I've been thinking about the LLint implemntation and I believe there is potential for a really performant interpreter design which adopts LLint techniques but applyies them on top of a stack architecture.
The big advantages of a register-based architecture is instruction density, but we can achieve the same gains in a stack arch with two techniques:
1. instruction coalesing - creating "bundle" instructions for common sequences like "dup getprop swap" (which shows up for every method call), "dup <OP>", "<OP> pop", "int8 getelem", "int8 bitand", etc.
2. extending stack instructions to be able to get operands from deeper in the stack than just the top N values.

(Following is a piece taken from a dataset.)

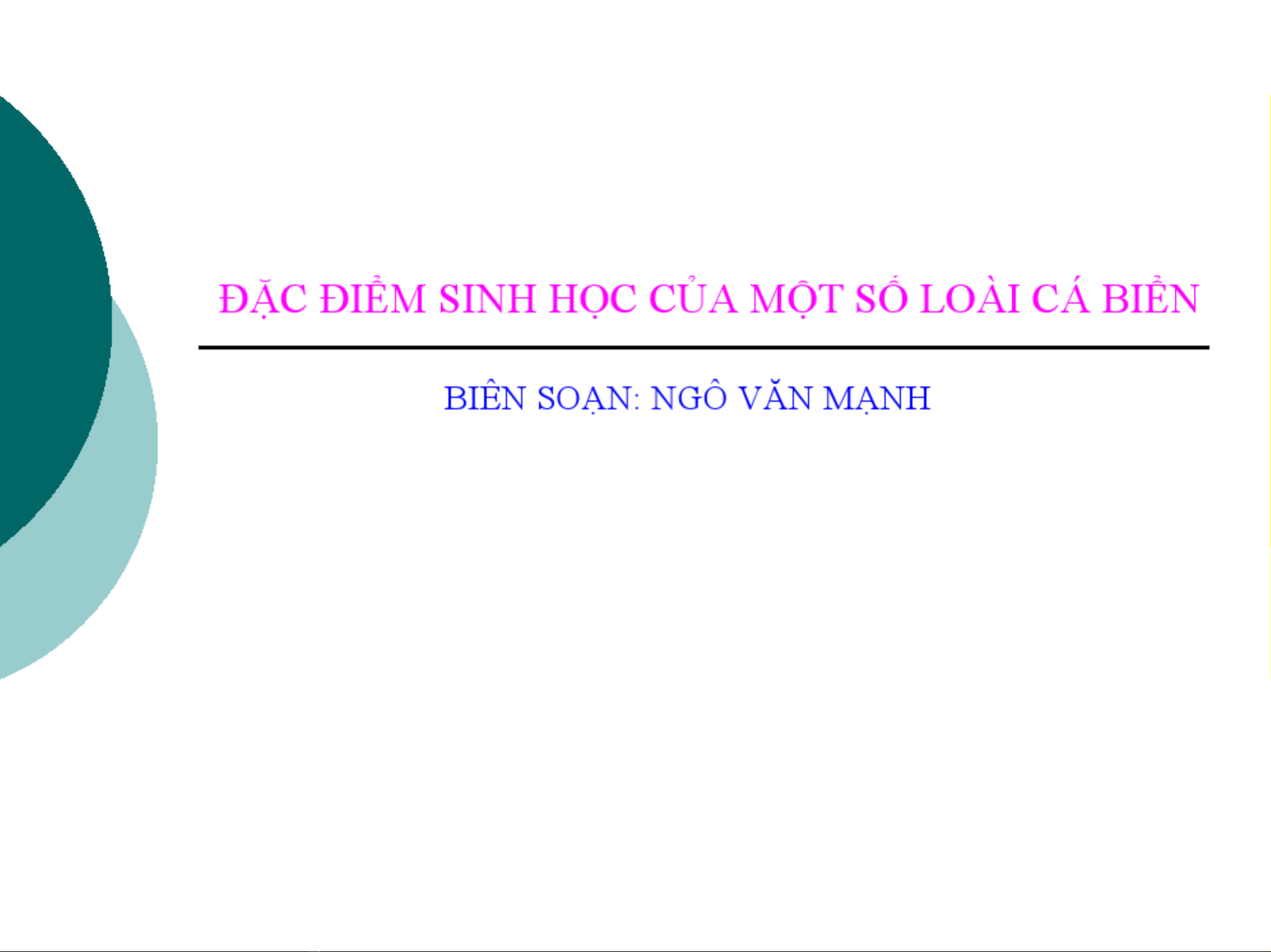 Bài giảng Đặc điểm sinh học của một số loài cá biển: Phần 1 - Ngô Văn Mạnh

A stack also has a distinct notion of locality not present in register files: the nearer to the top a value on the stack is, the more likely it's going to be used soon. We can take advantage of this to move the top of the virtual stack into a reserved range of registers. The "top" of the stack can vary within this range (however, the register-mapping of the top of the stack will be statically mappable for any bytecode PC). Once we have this, we can actually parametrize the various opcode implementations for every possible "optimized stack state".
e.g. Given a register range (%r12, %r13, %r14, %r15) for the top-of-stack
JSOP_ADD<3> will assume that the top 3 values of the stack are in (%r12, %r13, and %r14). Its entire implementation will require no loads or stores, and when it exits, it'll leave the stack in a state where the top 2 values are in registers (%r12, and %r13).
Whatever the opcode is that follows that add, the bytecode generator will choose the variant of that opcode with parametrization <2>. Every opcode implementation will have five variants, each of which assume a different stack state. The bytecode emitter will know the optimized-stack-state at any given PC, so it can go emit the correct sequence of variants as it generates them.
By doing this, we can generate optimized bytecode that avoids memory load/store operations over long runs of several instructions, which I suspect will actually yield better performance than an architecture based on a virtual register file, which is hard to optimize in this way.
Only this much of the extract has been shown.